CHO SEUNG-HUI
By Andrea Hopkins Reuters - Thursday, April 19
BLACKSBURG, Virginia (Reuters) - Students expressed disgust and disbelief at photos and a rage-filled video diatribe sent to a television network by the gunman who massacred 32 people at Virginia Tech university.
Half-a-dozen Virginia Tech students gathered silently around a bank of televisions in the student centre late on Wednesday watching images of Cho Seung-Hui posing with his guns and video of him ranting against rich kids and debauchery.
The package received by NBC News on Wednesday carried a postmark showing Cho mailed his rambling manifesto after he killed his first two victims on Monday morning but before he went on to cut down 30 more people in classrooms.
"That's crazy. He kills two people and then goes to the post office and then he's ready for round two? It's creepy," said graduate student Nick Jeremiah, 34.
The images and long monologue suffused with paranoia and feelings of persecution painted a different picture of Cho, a 23-year-old student who has been described by teachers and other students as silent and withdrawn.
"He just goes on and on -- that's got to be more than he's spoken, ever," Jeremiah said. "I thought, 'well, he does talk.'"
Devin Cornwall, 19, who watched the video in a dormitory room with two friends, said the gunman's hatred for rich children made no sense.
"To me, that doesn't personify any Tech student I know. I always think of us as a blue-collar place," Cornwall said.
In the video and an 1,800-word document, Cho railed against wealth and debauchery, portrayed himself as a defender of the weak and voiced admiration for the 1999 Columbine High School massacre.
"You have vandalised my heart, raped my soul and tortured my conscience," said Cho, speaking directly to the camera and occasionally looking down to read his message.
"You thought it was a pathetic boy's life you were extinguishing. Thanks to you I die like Jesus Christ, to inspire generations of the weak and the defenceless people."
'MENTALLY ILL'
The messages added to an already chilling portrait of Cho from roommates and teachers who described him as a disturbed loner. Cho had been accused of stalking female students and was taken to a psychiatric hospital in 2005 because of worries he was suicidal. A Virginia court order issued at the time declared him "mentally ill" and said he presented "an imminent danger to self or others," ABC News reported.
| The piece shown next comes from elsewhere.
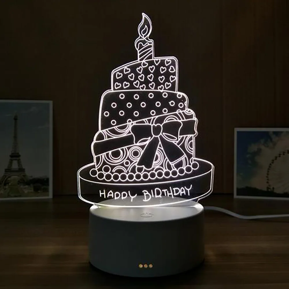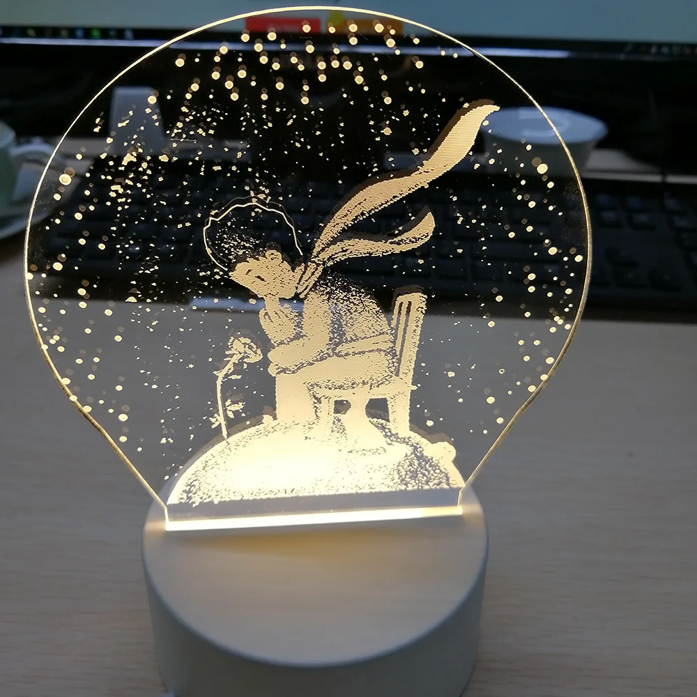 Как Применение? Шаг 1: Снимите пленку Шаг 2: вставьте акриловую пластину в основание и подключите источник питания с помощью usb-кабеля; Шаг 3: Нажмите кнопку питания, чтобы включить светильник; Идеально подходит для: Офис/отель/гостиная/спальня/кофе бар/КТВ/подарок/День рождения/праздник и так далее Посылка в комплект входит: 1 x 3D светодиодный ночной Светильник 1 основание с Micro USB

The shooting has rekindled debate over U.S. gun laws, the most lenient in the Western world. News of Cho's past contacts with police and mental health specialists raised further questions over whether anyone could have picked up warning signs.
University officials and police have been criticised for taking too long to alert students to the danger after Cho killed his first two victims in a dormitory just after 7 a.m.
CNN quoted from a search warrant affidavit on Wednesday that showed police suspected a different man of the first murders. The network said police had been told by a student that the boyfriend of murdered Emily Hilscher had recently taken her to a shooting range, and assumed he was the main suspect. They were interviewing him outside the campus when Cho began his classroom rampage.
On the sprawling rural campus in southwestern Virginia, students were beginning to look ahead to Monday, when classes will resume.
"It's going to be weird being back in class. We're still going to feel uneasy in big lecture halls, or crossing the drill field," said industrial design student Phil Padilla, 20.